**Your instructions:** Copy from the first line below down to and including the line with "이미 전 세계에서 LPWA". Skip the pictures.
Start of Data for the task
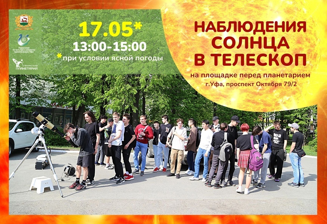 17 мая с 13.00 до 15.00 часов на площадке перед Уфимским городским планетарием (проспект Октября, 79/2) состоится наблюдение Солнца в телескоп. Бесплатная акция пройдет при условии ясной погоды. Все желающие смогут задать вопросы и узнать больше интересных фактов о нашей самой главной Звезде, рассказали в планетарии.
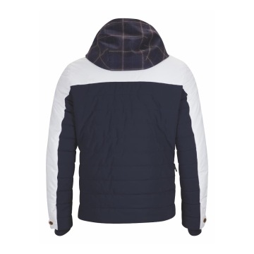 Pánská lyžařská bunda s kostkovaným vlněným detailem na kapuci, odepínací kapuce, manžety s otvorem pro palec, odepínací sněžný pás, kapsa na skipas, dvě veliké kapsy na přední straně, uvnitř kapsa na zip a síťová kapsa s hadříkem na brýle
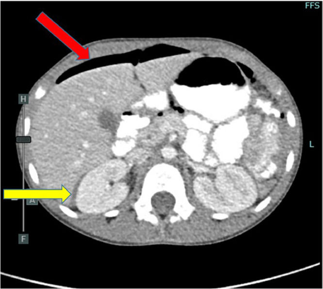 Axial view – CT abdomen/pelvis with IV and PO contrast demonstrating small-volume pneumoperitoneum (red arrow) and complex free fluid in the hepatorenal space (yellow arrow).
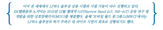 이미 전 세계에서 LPWA 솔루션 상용 시험과 시범 가동이 다수 진행되고 있다. SK텔레콤과 노키아는 2015년 12월 협대역 IoT(Narrow Band IoT, NB-IoT) 공동 연구 및 개발을 위한 상호양해각서(MOU)를 체결했다. 올해 ‘모바일 월드 콩그레스(MWC)’에서는 LPWA 솔루션의 허가 주파수 내 라이브 시연이 최초로 진행되기도 했다.
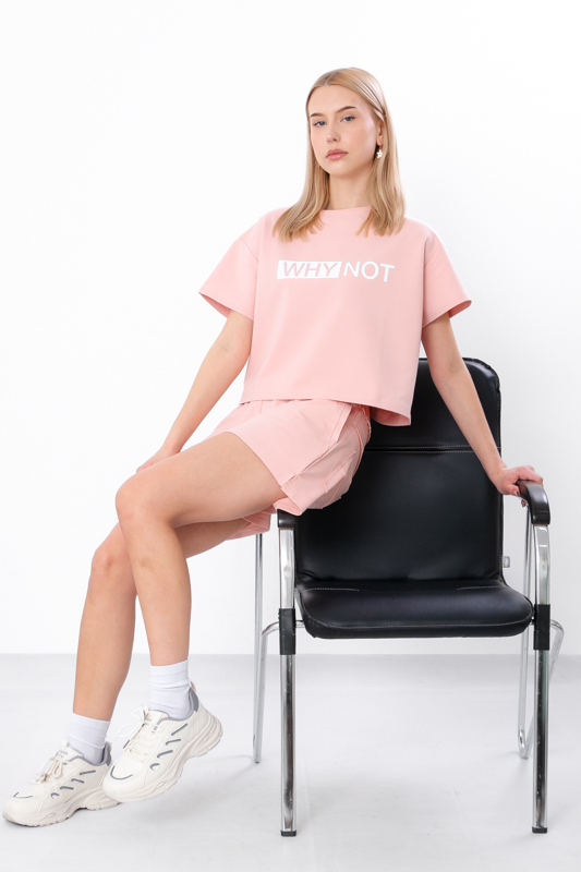 Футболка з коротким рукавом має вільний укорочений фасон, який ідеально підходить для спекотної погоди. Вона не лише дарує відчуття прохолоди, а й стильно підкреслює фігуру, особливо в тандемі з шортами високої посадки. Особливу увагу привертає оригінальний принт — яскравий, сміливий або мінімалістичний — який додає образу індивідуальності та виразності. Така футболка чудово комбінується не лише з комплектом, а й з джинсами, легінсами або спідницями.
End of Data for the task
**Answer to this problem:**
 17 мая с 13.00 до 15.00 часов на площадке перед Уфимским городским планетарием (проспект Октября, 79/2) состоится наблюдение Солнца в телескоп. Бесплатная акция пройдет при условии ясной погоды. Все желающие смогут задать вопросы и узнать больше интересных фактов о нашей самой главной Звезде, рассказали в планетарии.
 Pánská lyžařská bunda s kostkovaným vlněným detailem na kapuci, odepínací kapuce, manžety s otvorem pro palec, odepínací sněžný pás, kapsa na skipas, dvě veliké kapsy na přední straně, uvnitř kapsa na zip a síťová kapsa s hadříkem na brýle
 Axial view – CT abdomen/pelvis with IV and PO contrast demonstrating small-volume pneumoperitoneum (red arrow) and complex free fluid in the hepatorenal space (yellow arrow).
 이미 전 세계에서 LPWA 솔루션 상용 시험과 시범 가동이 다수 진행되고 있다. SK텔레콤과 노키아는 2015년 12월 협대역 IoT(Narrow Band IoT, NB-IoT) 공동 연구 및 개발을 위한 상호양해각서(MOU)를 체결했다. 올해 ‘모바일 월드 콩그레스(MWC)’에서는 LPWA 솔루션의 허가 주파수 내 라이브 시연이 최초로 진행되기도 했다.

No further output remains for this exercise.